BTB en ABVV-Metaal willen een andere en betere loonwet, een wet op maat van de werknemers.
Voor ABVV-Metaal en BTB is het duidelijk. Onze arbeiders moeten krijgen waar ze recht op hebben. Daarom zijn we tevreden over de verhoogde minimumlonen. Daarom is het goed dat we SWT en landingsbanen hebben kunnen vrijwaren. Daarom moet de loonwet veranderen om weer vrije onderhandelingen mogelijk te maken en daarom hebben we onze stem luid laten horen in Brussel op 24 september.
Betere minimumlonen
Na dertien jaar stilstand gaan de minimumlonen eindelijk omhoog. Dankzij het akkoord dat we voor de vakantie ondertekenden. Daar mogen we best trots op zijn.
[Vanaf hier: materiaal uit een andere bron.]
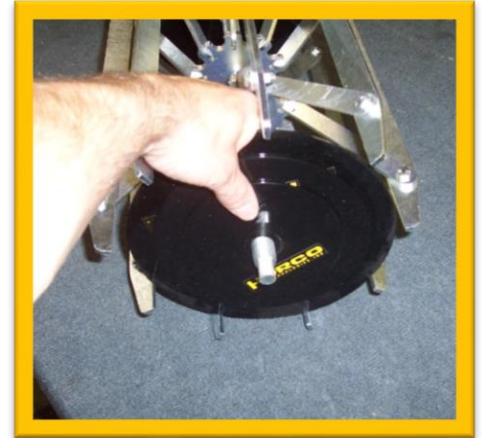
Remove unwanted plate sizes.
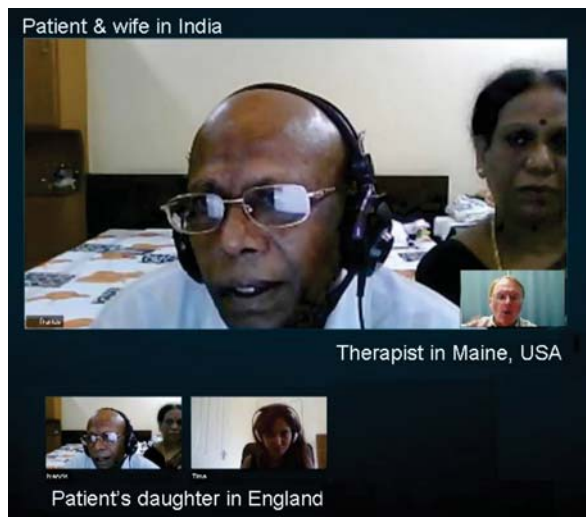
Figure 3: Connecting from Maine USA to India, more than 11493 kilometers away (7143 miles), with secure high definition web-based speech therapy telepractice on personal computers using no special hardware or software.
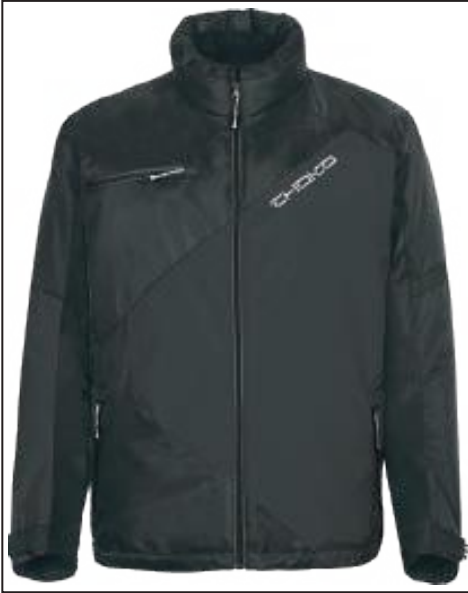
199822 000 Black s to 7xl
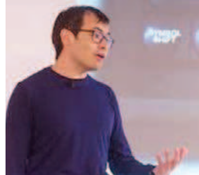
Way ahead: Demis Hassabis

Following graduation from Cambridge University with a
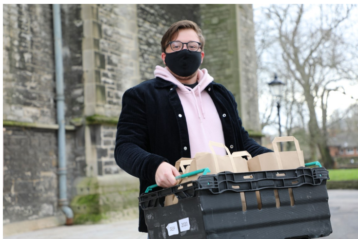
A volunteer in Southampton in Winchester's project Mission Action Phase 2
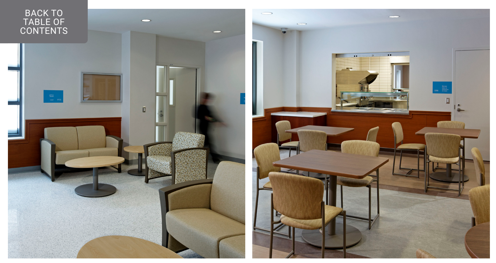
Lounge Area with Single and Two-Seater Dignity
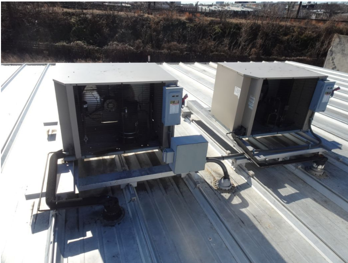
Refrigeration unit's circa 2017
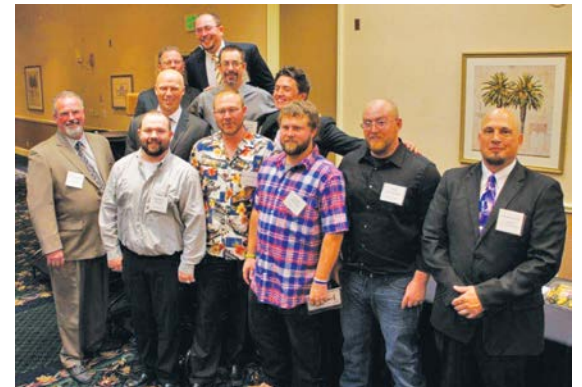
Denver Local 68 congratulates 2013 JATC apprenticeship graduates.
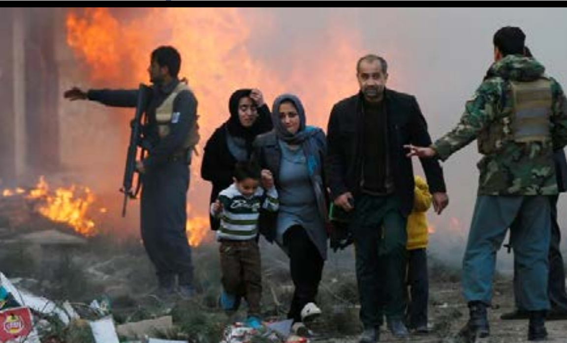
Survivors of an attack in Kabul move away from the ensuing blaze.

Official U.S. estimates of the Taliban’s threat and influence “seem more spin than objective.”
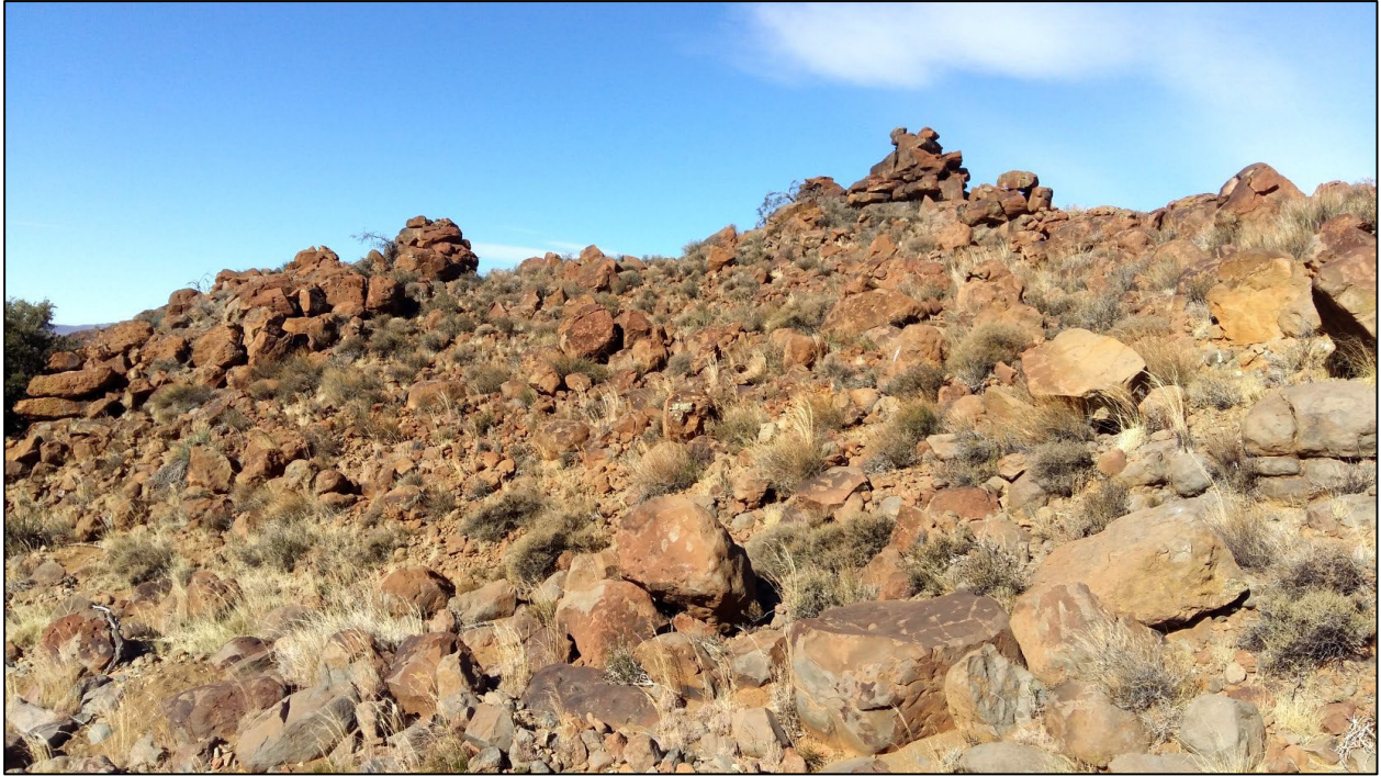
Figure 5. Typical example of a dolerite ridge from within the Klipkraal 2 site, representative of the Upper Karoo Hardeveld vegetation type.

Although not all areas associated with this vegetation type have been mapped in the VegMap, the vegetation along the major rivers within the Klipkraal 2 site corresponds with the Southern Karoo Riviere vegetation type. In the area, the riparian areas are mapped as Bushmanland Vloere in the VegMap, but this is not an appropriate designation for these areas and the riparian areas within the site, correspond better with the Southern Karoo Riviere vegetation type. The Southern Karoo Riviere vegetation type is associated with the rivers of the central karoo such as the Buffels, Bloed, Dwyka, Gamka, Sout, Kariega and Sundays Rivers. About 12% has been transformed as a result of intensive agriculture and the construction of dams. Although it is classified as Least Threatened, it is associated with rivers and drainage lines and as such represents areas that are considered ecologically significant. Common and dominant species in the drainage lines and within the adjacent floodplain vegetation include Sporobolus ioclados , Helichrysum pentzioides , Drosanthemum lique , Pentzia globosa , Salsola aphylla , Tribulis terrestris , Felicia muricata , Atriplex vestita , Zygophyllum retrofractum , Cynodon dactylon , Chrysocoma ciliata , Stipagostis namaquensis , Lycium pumilum , Lycium cinereum , Artemisia africana , Tripteris spinescens , Exomis microphylla and Derrera denudata . No plant species of concern were observed within these areas.
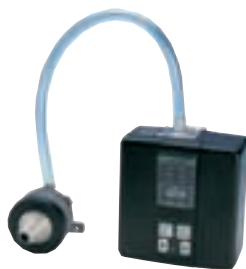
ESCORT ELF 3.5 and Dust Filter Cassette [BIA-Type]

A suitable sorbent tube – depending on type and concentration of the substance to be measured – is connected to the sampling pump “ESCORT ELF” with a sampling device such as the “GEMINI-Twin-Port Sampler”.
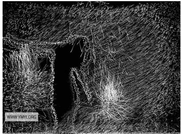
Fig. 3. The YMYI experience.

In the YMYI artefact, the human performer and the computer system engage in moulding visual graphics and computer music interactively in real time. The sound system of the artefact relies on the Software Super Collider (Website at: http://www.audiosynth.com/ ), an environment and programming language for real time audio synthesis. The system is proposed for automatic music performance based on artificial neural networks and its model produces a musically expressive variation of the control parameters according to all of the gesture dynamics. The sound exerts a reaction to the user's overall movements in the interactive space and it develops a set of associated parameters in intensity, duration and pitch, accordingly. The agent's continuous improvised flow of movements generates harmonic-related rhythms making possible for YMYI to exhibit a high-level mapping between the music, the graphic output and the agent's performance. Both the musical harmony divided in its discrete contours and the instantiation of the animated graphics in the digital scenery altogether with speed, velocity and trajectory of the user's movements, form a combining compound giving rise to an artistic involvement touching the YMYI universal expressiveness.
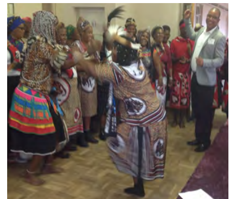
Traditional health practitioners structure launch on page 03
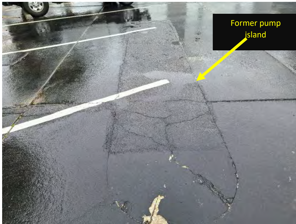
Site 13 – Bruces Automotive Former pump island looking south
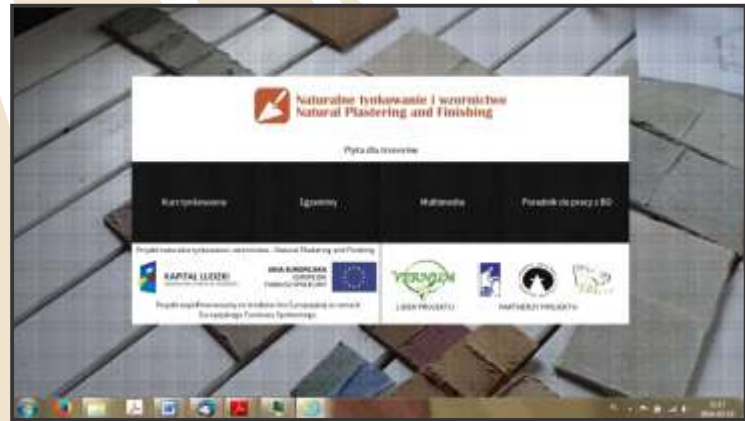
Screenshot from the DVD

From June to September 2013 we did several test trainings for unemployed people from all over Poland. Very fresh trainers (with a bit more experienced architects and plasterers) were training unemployed people in different units. They succeeded – nine of twenty-nine beneficiaries found a job in the field of clay plasters! During October and November 2013 we finished the final form of the products of the project: paper and DVD
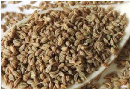
Carom seeds (Ajwain)
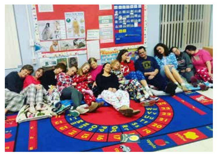
St. Paul/Peachtree City, GA: Pajama Day featured a teacher slumber party in the PreK3 room.

Nationally, more than 2,100 Lutheran schools serve 250,000-plus students in early childhood centers, elemen-

Het minimumloon bedraagt vandaag 1.625,72 euro. Met vermoedelijke indexeringen en de verhoging in dit akkoord voorzien, zal het minimumloon in 2026 op 1.913,52 euro komen. Voor iemand die weinig verdient, maakt dat een wereld van verschil!
In totaal zien 140.000 werknemers hun maandelijks inkomen verhoogd. Want ook werknemers die net iets meer verdienen dan het strikte minimum hebben hier baat bij. Wie bruto minder dan 2.611 euro verdient, zal via het mechanisme van de sociale en fiscale bonus ook meer verdienen.
Deze pluim mogen we op onze syndicale pet steken. Zonder onze Fight for €14-acties was dit niet gelukt.
SWT en landingsbanen bestendigd
Dankzij hetzelfde akkoord kunnen de sectoren hun cao’s over SWT (brugpensioen) en landingsbanen met twee jaar verlengen.
De loonnormwet legt de loonnorm vast op een schamele 0,4 procent
Daardoor blijft het mogelijk om op 62 jaar (en soms op 60 of 58 jaar) te stoppen met werken. Ook het regime van de zogenaamde landingsbanen wordt verlengd, en zelfs wat verbeterd. De sectoren kunnen nu akkoorden sluiten om het vanaf 55 jaar iets rustiger aan te gaan doen, en 4/5 of zelfs halftijds te gaan werken.
Geen interprofessioneel akkoord dit keer
Het was niet mogelijk om een ernstig interprofessioneel akkoord af te sluiten. Want hoe kan er sprake zijn van een ‘akkoord’, als er geen onderhandelingsruimte is voor een van de gesprekspartners? We moesten het dan ook doen met de loonwet van ’96. Die wet voorziet een dwingende loonnorm. Anders gezegd: je hangt gedurende twee jaar vast aan een maximale loonstijging. Die wet legt de loonnorm vast op een schamele 0,4 procent. Een belachelijk laag percentage. Zeker als we weten dat bepaalde bedrijven tijdens de coronapandemie meer dan goed hebben geboerd. De werkgevers hielden halsstarrig vast aan die dwingende norm. Dat konden we uiteraard niet aanvaarden.
Never again
Het is duidelijk: de loonwet deugt niet. Maar we willen natuurlijk ons indexsysteem, in dezelfde wet vastgelegd, behouden. Handen af van de index wat ons betreft!
Maar een dwingende loonnorm, daar willen we wel vanaf. Anders blijft het een onmogelijke klus om over een goed en aanvaardbaar loonakkoord te onderhandelen. Daarvoor is het nodig om de wet aan te passen. Anders én beter. Daarvoor kijken we naar de politiek. Het is aan het parlement om de wet te wijzigen. Ook zij moeten begrijpen hoe onrechtvaardig het is dat de lonen amper mogen stijgen, terwijl de aandeelhouders hun dividenden wél omhoog zien gaan. Als het loon van wie werkt amper mag stijgen, graag van hetzelfde laken een broek voor de baas van het bedrijf, die inkomsten haalt uit aandelen en andere constructies.
Anders en beter
BTB en ABVV-Metaal willen een andere en betere loonwet. Dat hebben we luid en klaar laten horen op de ABVV-betoging op 24 september. Daar blijft het niet bij, we zullen lawaai blijven maken voor een loonwet die op maat van de werknemers is geschreven. Want een betere wet betekent een beter loon.